How delete object in one side at bidirectional relation?

Question

I want delete relation from one side. Let me explain.

My database looks like this :

I based my repositories on JPARepository .

and I have two entities Team and Player .

Player Entity looks like this:

@Entity
    @Table(name = "PLAYER")
    public class Player implements Serializable, Comparable<Player>{
        private static final long serialVersionUID = 1L;

        @Id
        @GeneratedValue(strategy=GenerationType.AUTO)
        private Long id_player;

        @Size(min=3, max=20)
        private String name;
        @Size(min=3, max=20)
        private String surname;
        @Size(min=3, max=20)
        private String position;
        @Min(value=10) 
        private int age;
        @Min(value=1)
        private int number;

        @ManyToOne(fetch = FetchType.LAZY)
        @JoinColumn(name = "id_team")
        private Team team;
        //getters and setters
    }

...and Team entity:

@Entity
@Table(name = "TEAM")
public class Team implements Serializable, Comparable<Team>{
    private static final long serialVersionUID = 1L;

    @Id
    @GeneratedValue(strategy=GenerationType.AUTO)
    private Long id_team;
    @Size(min=4, max=20)
    private String name;
    @Size(min=4, max=20)
    private String city;
    private int goals_hit;
    private int goals_lost;
    private int points;
    private int ranked;

    @OneToOne(cascade = CascadeType.MERGE)
    @JoinColumn(name = "id_coach")
    private Coach coach;

    @ManyToOne(fetch = FetchType.LAZY)
    @JoinColumn(name = "id_stadium")
    private Stadium stadium;

    @OneToMany(mappedBy = "team", fetch = FetchType.LAZY)
    private List<Player> playerList;

    @OneToMany(mappedBy = "team", fetch = FetchType.LAZY)
    private List<TeamChoosenDate> teamChoosenDateList;
    //getters and setters
}

So Player contains one relation to Team but Team contains a List of Players .

Coach can edit his team and for example he wants delete Player from Team (relation between Team --> Player ) but not lose the Player (because he has relations with other table - Events ).

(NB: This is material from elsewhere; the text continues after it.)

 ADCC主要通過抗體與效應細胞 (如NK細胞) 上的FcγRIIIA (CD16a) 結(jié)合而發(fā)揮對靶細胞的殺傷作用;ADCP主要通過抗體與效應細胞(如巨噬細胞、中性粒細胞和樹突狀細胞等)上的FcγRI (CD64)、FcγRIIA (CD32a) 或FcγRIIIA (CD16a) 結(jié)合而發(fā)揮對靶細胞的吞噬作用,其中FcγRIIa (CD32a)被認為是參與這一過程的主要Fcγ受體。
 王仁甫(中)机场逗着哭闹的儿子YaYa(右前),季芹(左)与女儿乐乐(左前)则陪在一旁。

In conclusion: Delete Player from correct Team , but NOT LOSE Player object.

How can I do this ?

My try: I delete Player from List but every time when I reload - he comes back... Below method shows how I do this :

public void deletePlayerFromTeamPlayerList(Long idTeam, int idPlayer){

    Team team = teamRepository.findOne(idTeam);
    Player playerTmp = playerRepository.findOne( (long) idPlayer);

    List<Player> playerList;

    int indexOfFindedPLayer;


    playerList = team.getPlayerList();

    System.out.println("Before Delete: " + playerList.toString());

    indexOfFindedPLayer = playerList.indexOf(playerTmp);

    if(indexOfFindedPLayer >= 0){
        playerList.remove(indexOfFindedPLayer);

        System.out.println("After Delete: " + playerList.toString());

        team.setPlayerList(playerList);
        teamRepository.save(team);
    }
}

But when the element is removed, at Player object id_team is still the same (ex. id_team = 2)

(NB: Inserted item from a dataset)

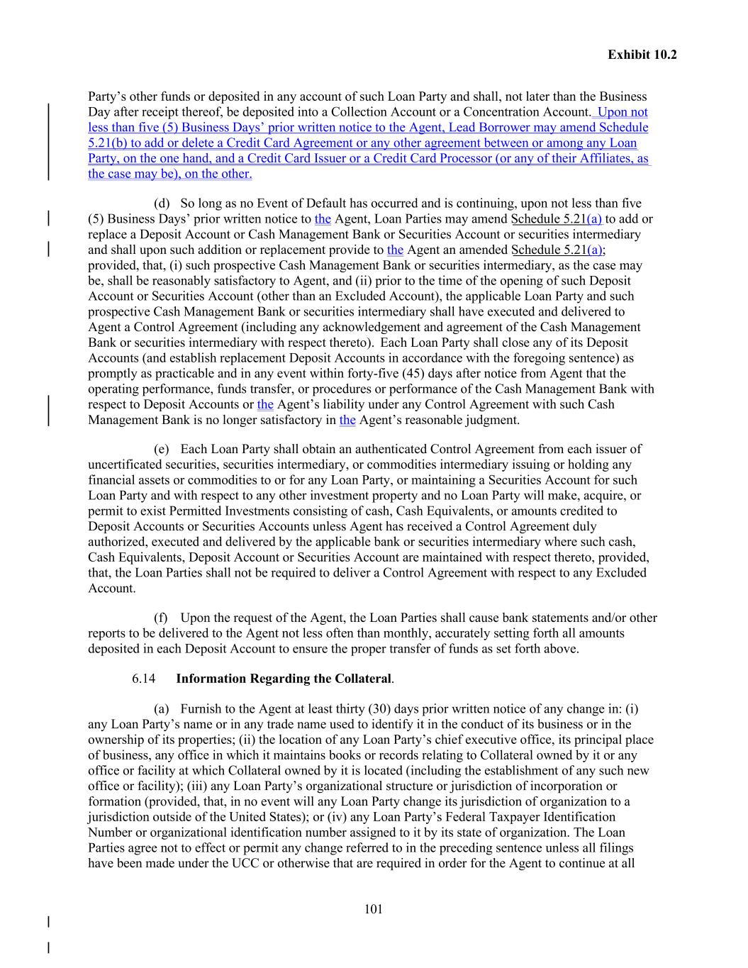 101 Exhibit 10.2 Party’s other funds or deposited in any account of such Loan Party and shall, not later than the Business Day after receipt thereof, be deposited into a Collection Account or a Concentration Account. Upon not less than five (5) Business Days’ prior written notice to the Agent, Lead Borrower may amend Schedule 5.21(b) to add or delete a Credit Card Agreement or any other agreement between or among any Loan Party, on the one hand, and a Credit Card Issuer or a Credit Card Processor (or any of their Affiliates, as the case may be), on the other. (d) So long as no Event of Default has occurred and is continuing, upon not less than five (5) Business Days’ prior written notice to the Agent, Loan Parties may amend Schedule 5.21(a) to add or replace a Deposit Account or Cash Management Bank or Securities Account or securities intermediary and shall upon such addition or replacement provide to the Agent an amended Schedule 5.21(a); provided, that, (i) such prospective Cash Management Bank or securities intermediary, as the case may be, shall be reasonably satisfactory to Agent, and (ii) prior to the time of the opening of such Deposit Account or Securities Account (other than an Excluded Account), the applicable Loan Party and such prospective Cash Management Bank or securities intermediary shall have executed and delivered to Agent a Control Agreement (including any acknowledgement and agreement of the Cash Management Bank or securities intermediary with respect thereto). Each Loan Party shall close any of its Deposit Accounts (and establish replacement Deposit Accounts in accordance with the foregoing sentence) as promptly as practicable and in any event within forty-five (45) days after notice from Agent that the operating performance, funds transfer, or procedures or performance of the Cash Management Bank with respect to Deposit Accounts or the Agent’s liability under any Control Agreement with such Cash Management Bank is no longer satisfactory in the Agent’s reasonable judgment. (e) Each Loan Party shall obtain an authenticated Control Agreement from each issuer of uncertificated securities, securities intermediary, or commodities intermediary issuing or holding any financial assets or commodities to or for any Loan Party, or maintaining a Securities Account for such Loan Party and with respect to any other investment property and no Loan Party will make, acquire, or permit to exist Permitted Investments consisting of cash, Cash Equivalents, or amounts credited to Deposit Accounts or Securities Accounts unless Agent has received a Control Agreement duly authorized, executed and delivered by the applicable bank or securities intermediary where such cash, Cash Equivalents, Deposit Account or Securities Account are maintained with respect thereto, provided, that, the Loan Parties shall not be required to deliver a Control Agreement with respect to any Excluded Account. (f) Upon the request of the Agent, the Loan Parties shall cause bank statements and/or other reports to be delivered to the Agent not less often than monthly, accurately setting forth all amounts deposited in each Deposit Account to ensure the proper transfer of funds as set forth above. 6.14 Information Regarding the Collateral. (a) Furnish to the Agent at least thirty (30) days prior written notice of any change in: (i) any Loan Party’s name or in any trade name used to identify it in the conduct of its business or in the ownership of its properties; (ii) the location of any Loan Party’s chief executive office, its principal place of business, any office in which it maintains books or records relating to Collateral owned by it or any office or facility at which Collateral owned by it is located (including the establishment of any such new office or facility); (iii) any Loan Party’s organizational structure or jurisdiction of incorporation or formation (provided, that, in no event will any Loan Party change its jurisdiction of organization to a jurisdiction outside of the United States); or (iv) any Loan Party’s Federal Taxpayer Identification Number or organizational identification number assigned to it by its state of organization. The Loan Parties agree not to effect or permit any change referred to in the preceding sentence unless all filings have been made under the UCC or otherwise that are required in order for the Agent to continue at all
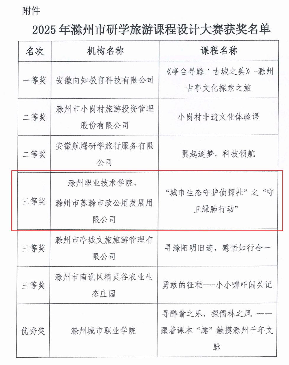 此次获奖是我院旅游管理专业服务地方文旅产业发展、提升社会服务能力的重要体现。未来,旅游管理专业将持续发挥专业与人才优势,深化产教融合、校企合作,不断推出更多兼具教育价值与地域特色的优质研学课程,为滁州打造区域性研学旅行目的地贡献"滁职智慧"与创新方案。

Thanks for all suggestions!

Answer 1

You can achieve this more simply by doing the below:

public void deletePlayerFromTeam(int idPlayer){
    Player player = //loadPlayer;
    player.setTeam(null);

    playerRepository.save(player);
}

You can also achieve this in your original code by setting the player.team to null and and by setting cascade on the collection to merge:

@OneToMany(mappedBy = "team", fetch = FetchType.LAZY, cascade = CascadeType.MERGE)
private List<Player> playerList;

You should always ensure both sides of the relationship are maintained consistently.

Answer 2

Use This way for deleting only one side in one to many or many to one relationship.

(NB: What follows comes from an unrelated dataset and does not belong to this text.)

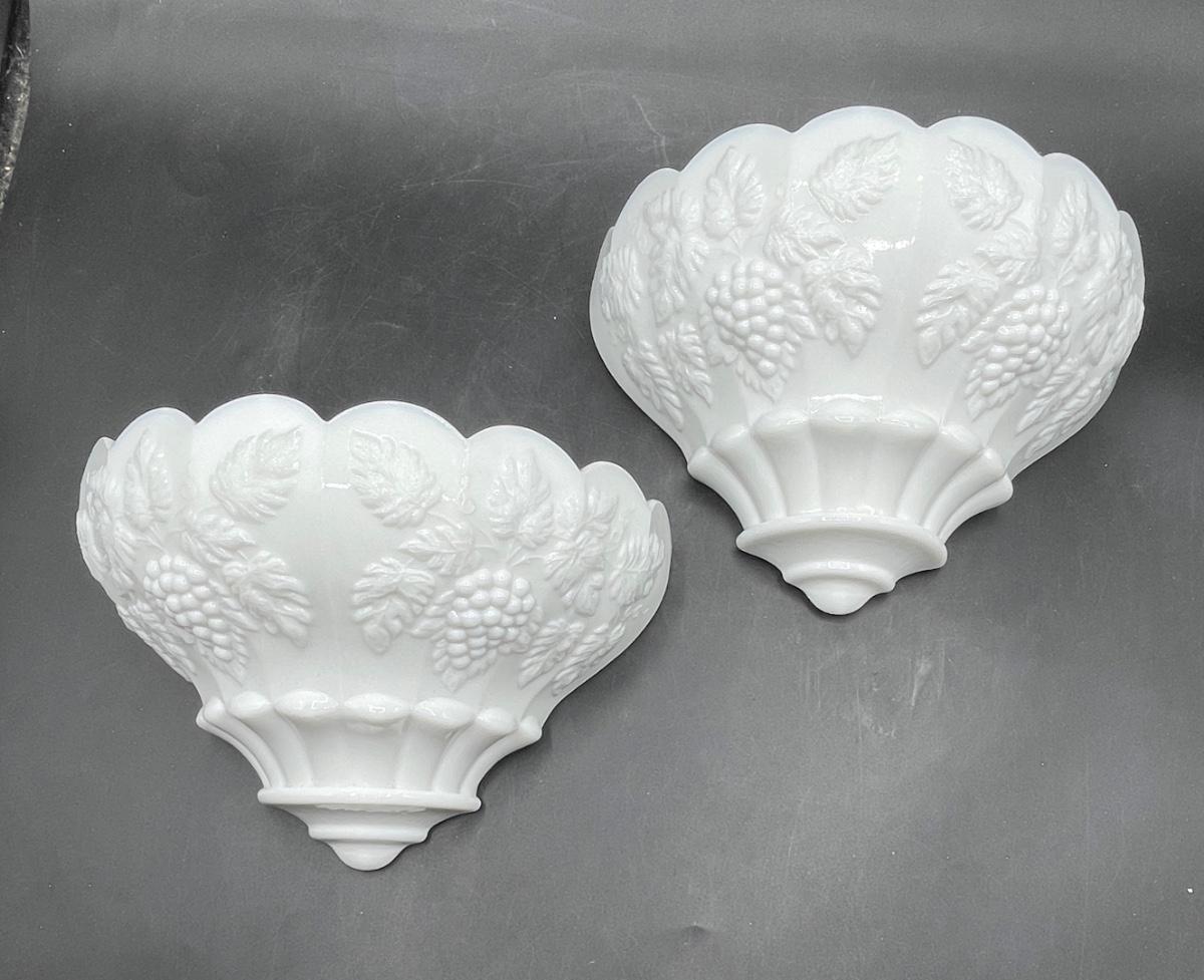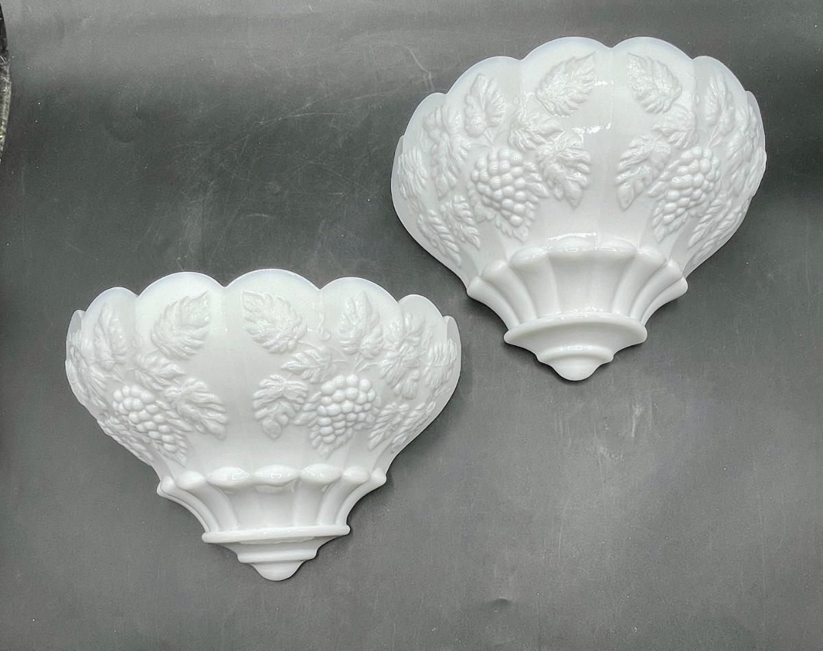 Pair of Westmoreland Wall Sconces Milk Glass with grape bunch decorations

@ManyToOne(cascade=CascadeType.PERSIST, fetch = FetchType.LAZY)
//  @JoinColumn(name = "qid")
    @JoinColumn(name = "qid", referencedColumnName = "qid", foreignKey = @ForeignKey(name = "qid"), nullable = false)
    // @JsonIgnore
    @JsonBackReference
    private QueueGroup queueGroup;

Here CascadeType is the main thing all the transaction depends on that.